By Andreza Araújo June 14, 2026 8 min read updated June 17, 2026

metrics dashboard representing severity weighting model build it in 30 days — Severity Weighting Model: Build It in 30 Days

Key takeaways

01Diagnose dashboard distortion by separating frequency metrics from severity signals, especially when 1 high-potential near miss outweighs several minor cases.
02Build a 5-level severity scale that supervisors can apply in minutes, with SIF potential and failed critical controls clearly defined.
03Test the model against 12 months of old data before leaders use it, so the score reflects real exposure rather than spreadsheet theater.
04Assign review thresholds from local supervisor to executive visibility, including a 48-hour escalation rule for the highest weighted events.
05Apply Andreza Araujo's safety culture diagnostics when clean numbers hide serious exposure and your EHS dashboard needs decision-quality evidence.

A severity weighting model is a safety metric method that gives higher value to events with fatality, permanent disability, SIF exposure, or failed critical controls, instead of treating every event as one equal count. The model helps an EHS manager see where a 2026 dashboard looks clean while serious risk is still moving through the operation.

This severity layer also protects leaders from recordable injury rate traps, especially when low-consequence volume distracts attention from high-potential events.

ILO reported in 2023 that nearly 3 million people die each year from work-related accidents and diseases, while another 395 million sustain non-fatal work injuries. This guide shows how to build a severity weighting model in 30 days so the safety dashboard stops rewarding low counts and starts exposing the events that can change a life.

Why raw incident counts distort safety decisions

Severity weighting improves prioritization, but it still needs the right exposure base. For that reason, EHS teams should compare exposure hours, task volume and control verification before deciding whether a weighted rate truly represents the work.

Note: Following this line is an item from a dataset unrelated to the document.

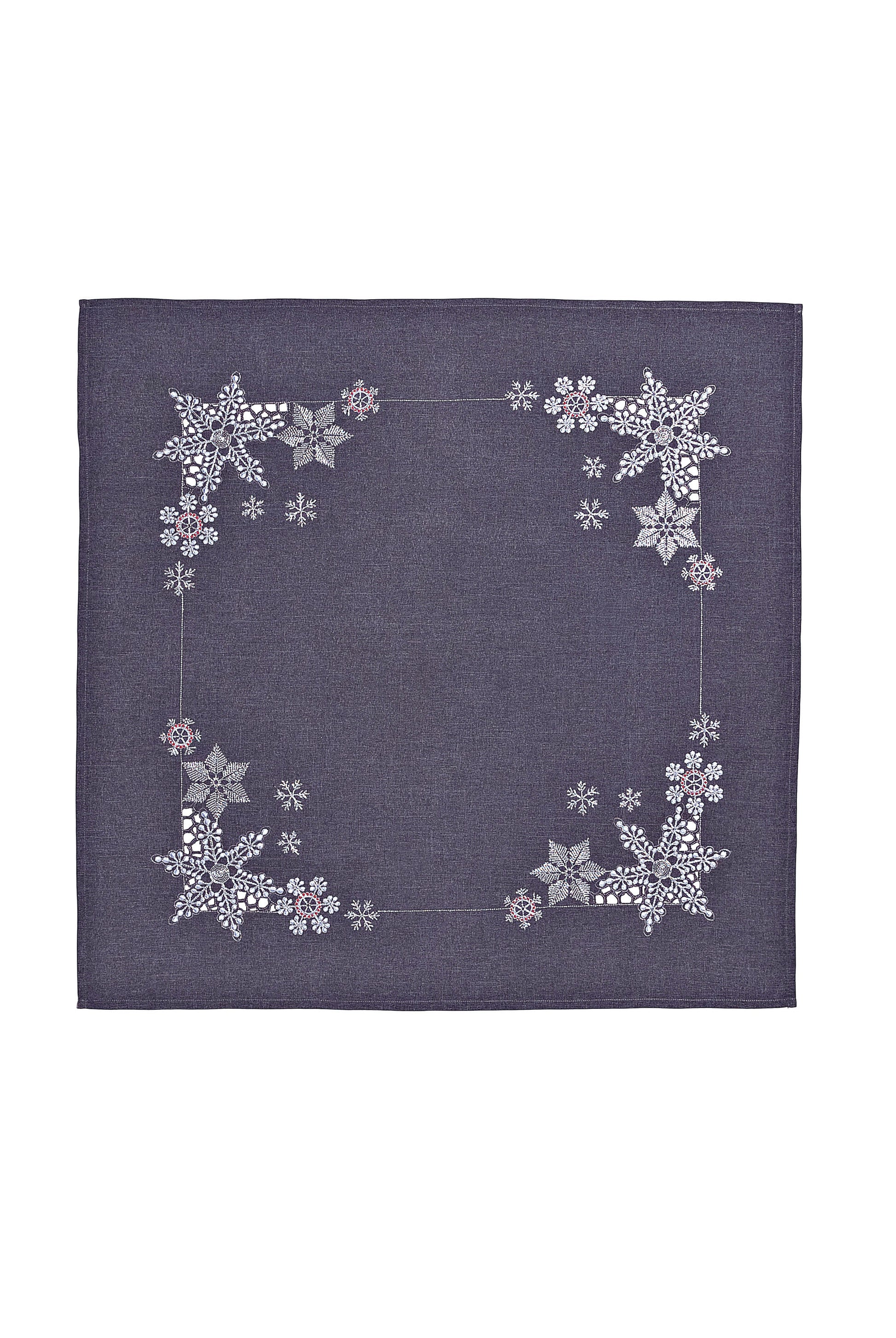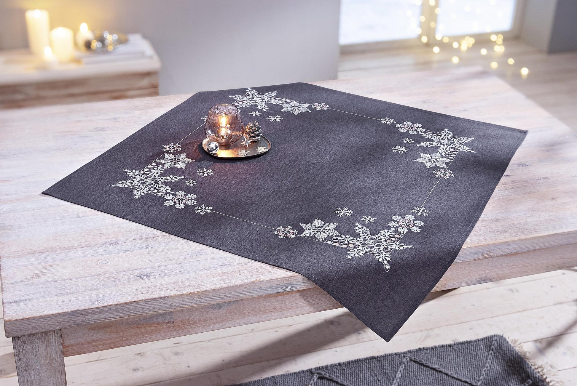 Ob als Hauptblickfang oder als glanzvolles „Centerpiece“ auf einer weissen Tischdecke – die Mitteldecke „Eisblumen“ bringt festliche Glanzmomente in Ihr Zuhause. Das stilvolle Anthrazit und die schöne Stoffqualität in edler Leinenstruktur fügen sich bestens in jedes Wohnambiente ein. Die gestickten Schneeflocken aus silbernem Glanzgarn und die zarten Durchbrüche machen die Mitteldecke den ganzen Winter hindurch zu einem festlichen Blickfang.

Raw counts distort safety decisions because they give the same visual weight to a first-aid cut, a high-potential near miss, and a failed control that could have killed someone. A plant with 3 hand cuts may look worse than a plant with 1 dropped object near miss, even though the second site may be carrying the more serious exposure.

ILO reported in 2023 the scale of work-related harm precisely because injury prevention cannot be reduced to neat monthly totals. When a dashboard treats all cases as equal, it protects the denominator more than the worker.

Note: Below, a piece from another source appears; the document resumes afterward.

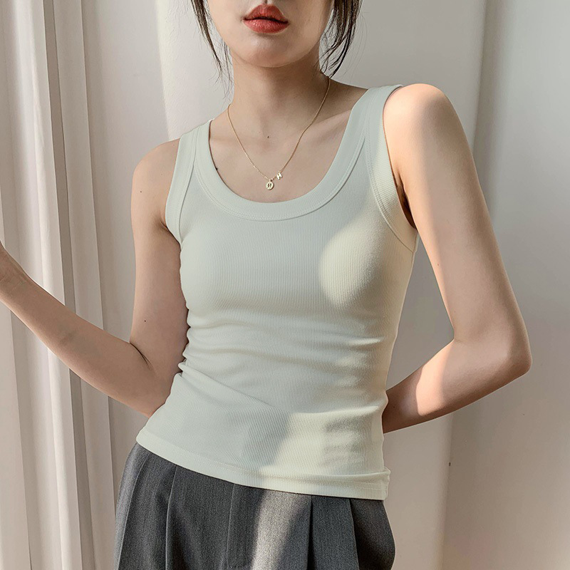 가슴 패드가 달린 니트 눈부심 방지 카미 솔 조끼 여성용 여름 외부 아이스 실크 얇은 슬림베이스 셔츠 내부 탑스토어 가기

As Andreza Araujo argues in *Muito Além do Zero*, the English gloss is *Far Beyond Zero*, lagging indicators look in the rearview mirror and can protect the number instead of protecting life. That position matters when leaders celebrate 90 days without a recordable while a failed isolation, an uncontrolled suspended load, or a near fall is quietly normalized.

The practical move is to separate frequency from severity. Keep TRIR, DART, LTIFR, and near-miss volume for trend analysis, but add a weighted severity score whose purpose is to tell leaders where the next serious injury or fatality could come from.

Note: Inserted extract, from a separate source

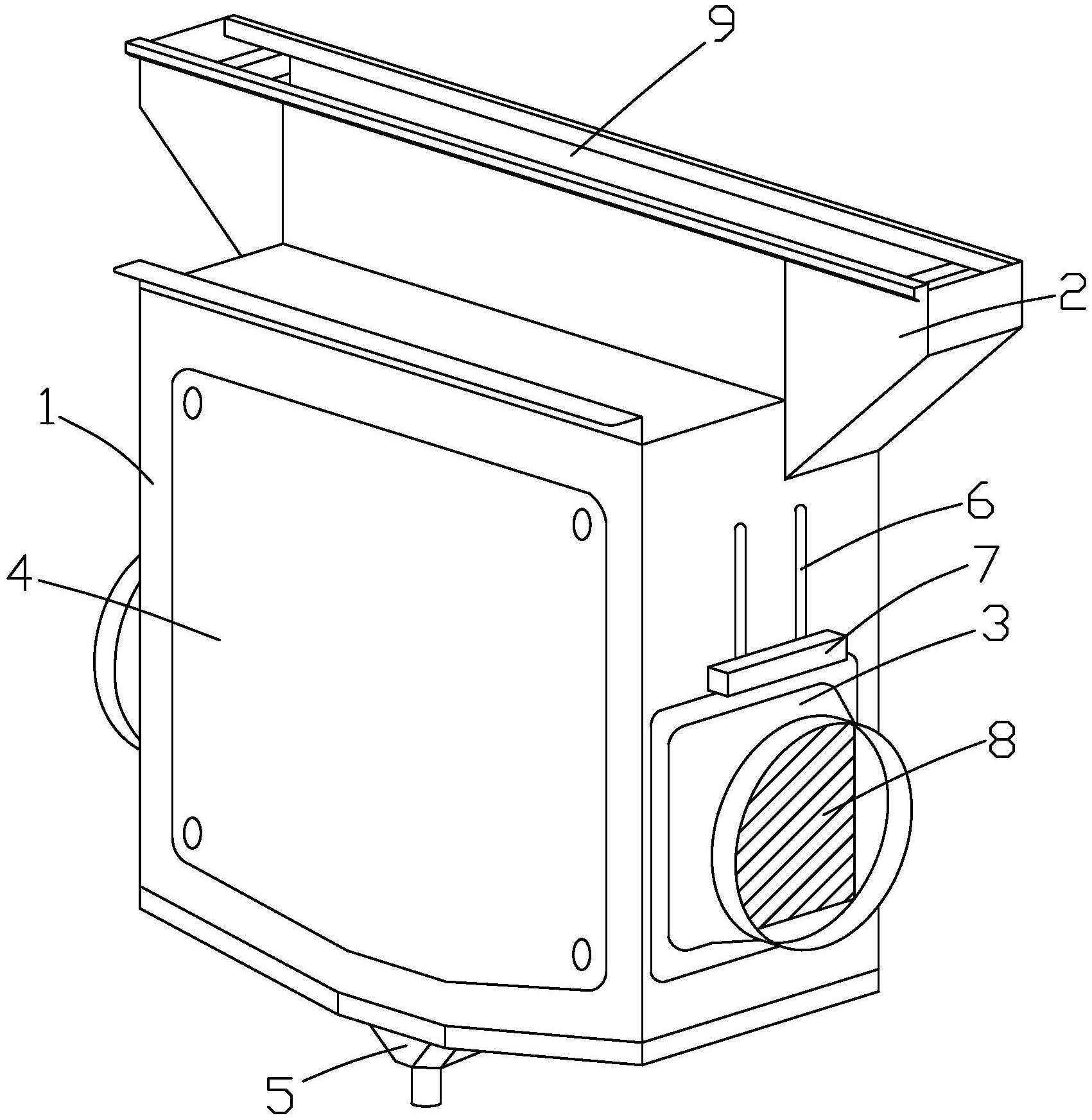 本实用新型公开了一种分体式集成灶风箱,包括箱体、集烟箱和风机箱,集烟箱设于箱体的顶面后侧,集烟箱上设置有进风口,风机箱连接集烟箱,风机箱通过支撑机构固定连接在箱体内,箱体的左右两侧对称设置有出风罩,出风罩通过排烟管连接风机箱,排烟管上靠近出风罩的一侧设置有挡风机构。本实用新型不仅便于风机箱的安装拆卸,提高风机箱安装的稳定性和可靠性,而且可以提高风机箱的安装精度。

Step 1: Define the decision the model must support

Step 1 is to name the decision before naming the formula. In the first 2 days, decide whether the model will support monthly executive review, weekly EHS prioritization, critical-control assurance, contractor governance, or capital allocation, because each decision needs a different level of precision.

ISO 45001:2018 specifies requirements for an occupational health and safety management system that manages risks and improves OH&S performance. A severity model only earns its place if it helps that management system choose work, money, supervision, and escalation faster than the old dashboard did.

Across 25+ years leading EHS at multinationals, Andreza Araujo has observed that measurement fails when it is built for reporting rather than decision. A 12-column spreadsheet can still be useless if no one can say which exposure needs action by Friday.

Write one decision sentence before touching Excel or Power BI. For example, "This model will rank the top 10 weekly exposures that require field verification by the EHS manager and operations manager."

Step 2: Build a 5-level severity scale

Step 2 is to create a 5-level severity scale with plain definitions. A useful first version is Level 1 for minor first aid, Level 2 for medical treatment or restricted work, Level 3 for lost-time injury or serious property damage, Level 4 for SIF potential, and Level 5 for fatality, permanent disability, or multiple-person exposure.

The trap is making the scale too elegant. If a supervisor needs 15 minutes to classify one event, the model will be abandoned or delegated to one analyst whose interpretation becomes the hidden standard.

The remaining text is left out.